Develop individual retention plans. There are myriad reasons why an employee’s loyalty may be wavering, and these reasons will drive the individual retention plan. For example, Jack was promoted out of a clerical job right before the financial crisis hit. The firm decided not to fill the clerical vacancy, and Jack ended up still performing his old clerical duties. No one thanked him or told him that the situation was temporary. He’s frustrated and unsure that he’ll ever move up now. Retain Jack by thanking him for his teamwork and reassure him that the clerical position will be filled. Keep him further engaged by including him in plans for his future. Let him know when to expect some relief and make sure a portion of each day can be spent on higher-level tasks. Most people, including Jack, can tough it out if there is hope for the future. Tell your Jacks that there is not just hope, but a plan. Help them find reasons not just to stay, but to be excited about what’s in store for them.
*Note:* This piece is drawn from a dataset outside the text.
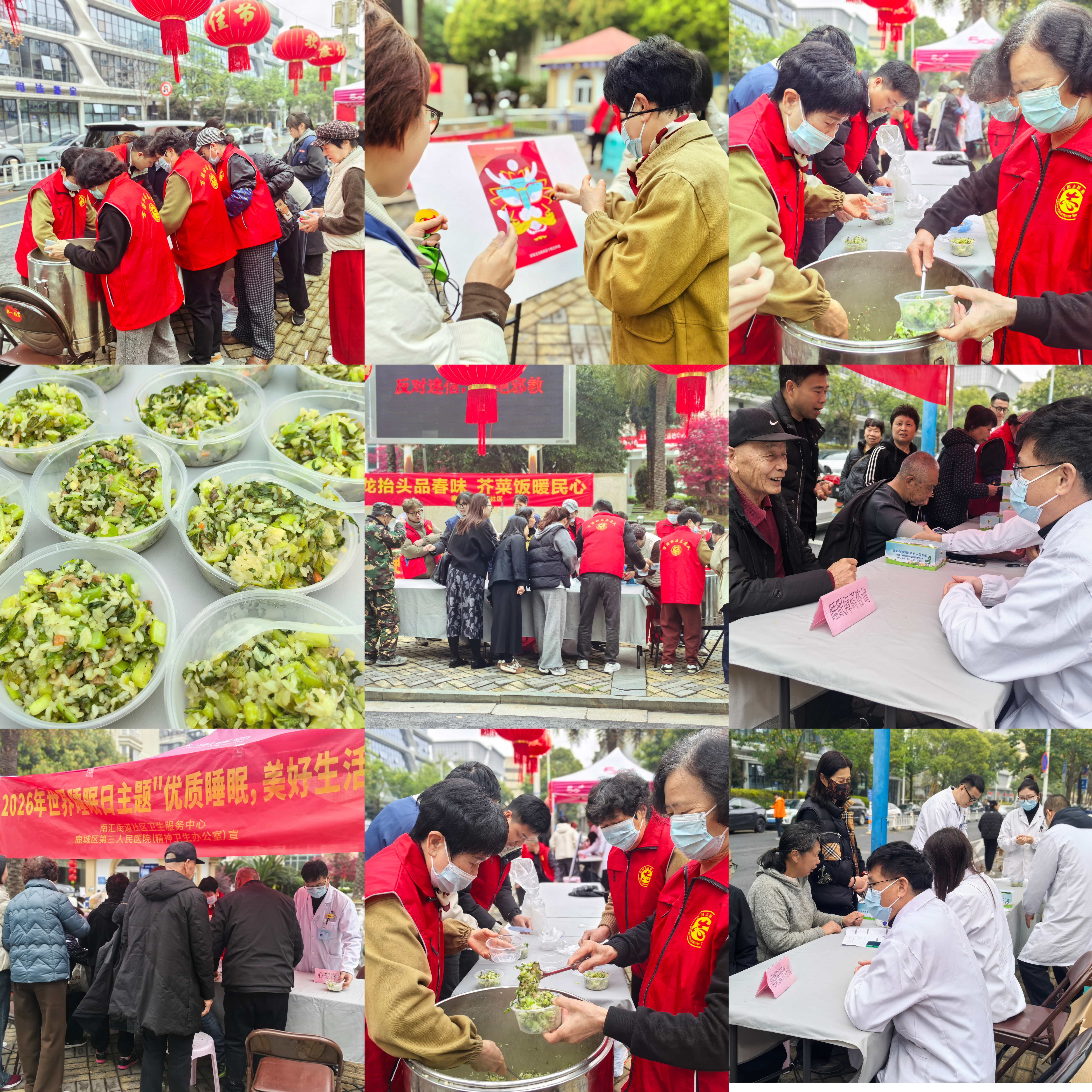 【二月二龙抬头 良辰共启健康年——万源社区举办民俗体验与健康义诊活动】 农历二月二“龙抬头”,春风送暖、民俗飘香。为传承中华优秀传统文化,把健康关怀送到居民家门口,万源社区于3月20日上午8:00,在上田小区南门口举办“二月二龙抬头·良辰共启健康年”主题活动,以民俗体验+健康服务的形式,与邻里共迎吉祥、同享安康。 活动现场暖意融融、热闹有序。社区精心准备了传统芥菜饭,让居民在烟火气里品味民俗、讨取“一年好兆头”的吉祥寓意。趣味互动环节中,画龙点睛游戏吸引大人小孩踊跃参与,大家提笔添彩、笑语连连,在互动中感受龙抬头的文化意涵,寄托对新一年的美好期盼。 健康服务专区同步暖心开启。现场提供免费血压测量,并开展睡眠健康科普与咨询,医护与志愿者耐心答疑、细致讲解,为居民普及春季养生、睡眠调理、慢病防护等实用知识,把健康指导送到居民身边。 此次活动将传统民俗与便民服务有机结合,既弘扬了节日文化,又拉近了邻里情谊,更把健康关怀落到实处。居民们纷纷表示,活动接地气、有温度,既感受到传统节日的氛围,也收获了实用的健康服务。 下一步,万源社区将继续以居民需求为导向,常态化开展形式多样的文化活动与便民服务,不断提升居民的获得感、幸福感与归属感,共建温馨和谐的美好家园。

Tell them you want them to stay. Nothing is more powerful than saying something like, “We’re not out of the woods yet, but I see light at the end of the tunnel. I know it’s been tough on you, and I thank you for hanging in there. Your hard work has not gone unnoticed, and it will not go unrewarded. I know you have a great future here, and I hope I can count on you to continue to be part of my team.”

Four short sentences. It may be out of character for you, but suck it up and get it said to those on your staff whom you value and want to keep around for the long haul.

We’ve all had difficulty over the last year, and many of us have worried about the state of our firms and the state of our individual jobs. Now that the smoke is clearing, don’t take a gamble that your employees are all on board and not going anywhere. Take the time now to ensure that when the economic tables turn, those you want to share a celebratory meal with are seated firmly with you at the table.

Kramer is The Council’s senior vice president, Office of the President.